Disturbingly, it takes him far longer than it should to remember what, exactly, he’s been doing in his classes lately; so much of his life has shifted to circle around his newfound friends in the past few days, and it’s worryingly hard to remember the contents of the classes that he sits through but doesn’t absorb anything from.
The nails scratch down the doorframe again, hard and sharp in reminder, and Blaine feels irritation jolt along his stomach.
“... classes are going well,” Blaine begins for lack of anything else to say, grasping at straws for details in his head. “We have a difficult professor in my constitutional law class, but he was in a good mood today. That was nice, I guess.”
Through the door, Kurt lets out a derisive snort; Blaine can practically envision him rolling his eyes. “Dry, boring old documents,” he sneers, and it’s disturbing how easily such a beautiful voice can be twisted and distorted into something ugly. “How very pedantic of you. Is all of that really what you’re fighting so hard for, Blaine? Trying to discern some meaning out of meaningless scraps of paper written hundreds of years ago-”

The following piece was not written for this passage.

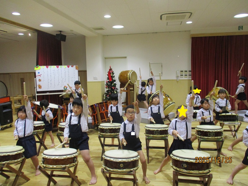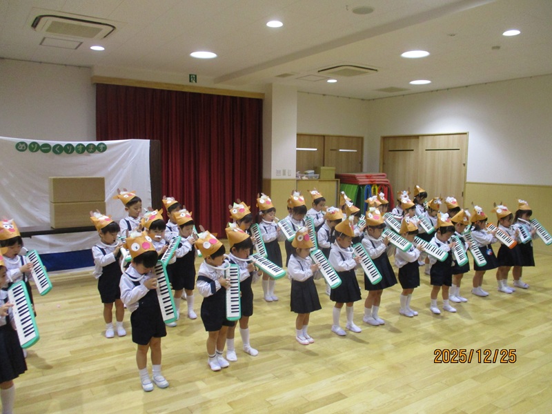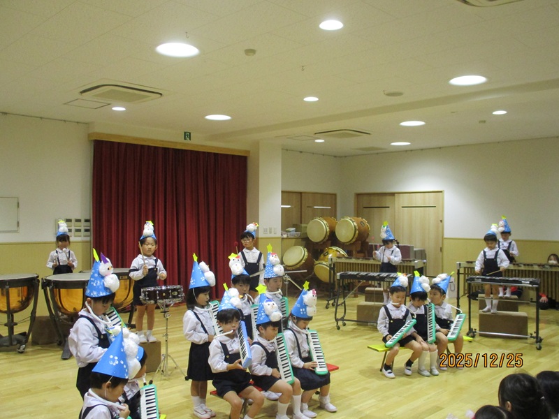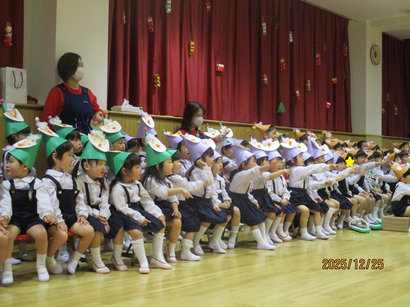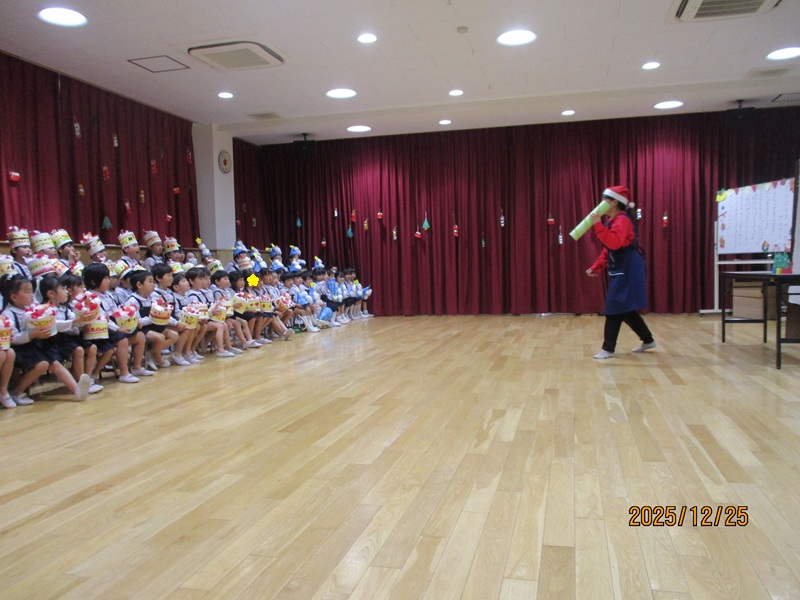 本日、午後より4.5歳児の子どもたちがかわいいケーキと雪だるまの帽子をかぶり、クリスマス会に参加しました。まず初めに先生からの出し物『クリスマスのマジック』では、筒からハンカチが出てきたり、ボールが消えたりとすると「え~」「すごい!」と驚いたり、影絵クイズでは元気よく答え、正解するとみんな大喜びでした。その後は、毎日頑張って練習してきた合奏(4歳児)と和太鼓(5歳児)を披露してくれました。どのクラスも上手にかっこよく演奏していました。最後は、お待ちかねのサンタさんの登場にとても嬉しそう子どもたち。楽しい時間を過ごせてよかったです。 給食のクリスマスランチとケーキも「おいしい♡」と笑顔で食べていましたよ。

In retrospect, Blaine has absolutely no idea where the words come from. Before his mind can come anywhere close to catching up with his mouth, he cuts Kurt off mid-sentence:
“Maybe you know a bit more about that time than I do,” Blaine blurts out, almost accusingly, the words tripping off his tongue all speed and bravado and bluntness - before his eyes blow wide with sudden terror. He claps a hand over his mouth, full well knowing that Kurt can hear the action, and squeezes his eyes tight in disbelief at himself. He clenches his body together and down into the ground, willing himself to disappear.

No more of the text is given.